__What you have to do__:
Could you give the data that follows again exactly, without its pictures?

__Stored data__:
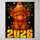 Happy New Year 2026 Highland Cow & Party Hat N Poster
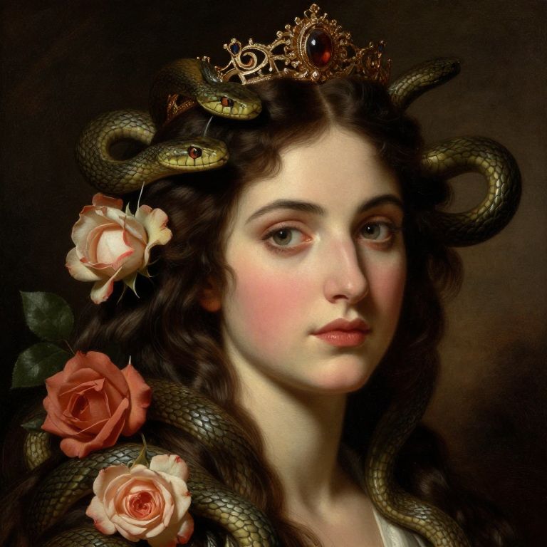 Albert Bierstadt beautiful realistic madusa face with snake hair a tiara and some roses throught the snakes,
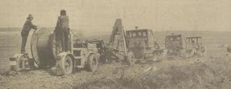 28.04.1973 Kreisgebiet. Zur Verbesserung des Fernsprechverkehrs verlegten die Kollegen des Meisterbereichs Eisfeld, des Fernmeldeamtes Suhl zwischen den Gemeinden Weitersroda, Heßberg und Veilsdorf neue Telefonerdkabel. Mit der modernen Kabelverlegemaschine können Kabel ohne Erdaushub einen Meter tief verlegt werden. Die mit einem Stahlschwert ausgestattete Kabelverlegemaschine und der Kabelwagen werden von 3 Kettenfahrzeugen gezogen.

__Result__:
 Happy New Year 2026 Highland Cow & Party Hat N Poster
 Albert Bierstadt beautiful realistic madusa face with snake hair a tiara and some roses throught the snakes,
 28.04.1973 Kreisgebiet. Zur Verbesserung des Fernsprechverkehrs verlegten die Kollegen des Meisterbereichs Eisfeld, des Fernmeldeamtes Suhl zwischen den Gemeinden Weitersroda, Heßberg und Veilsdorf neue Telefonerdkabel. Mit der modernen Kabelverlegemaschine können Kabel ohne Erdaushub einen Meter tief verlegt werden. Die mit einem Stahlschwert ausgestattete Kabelverlegemaschine und der Kabelwagen werden von 3 Kettenfahrzeugen gezogen.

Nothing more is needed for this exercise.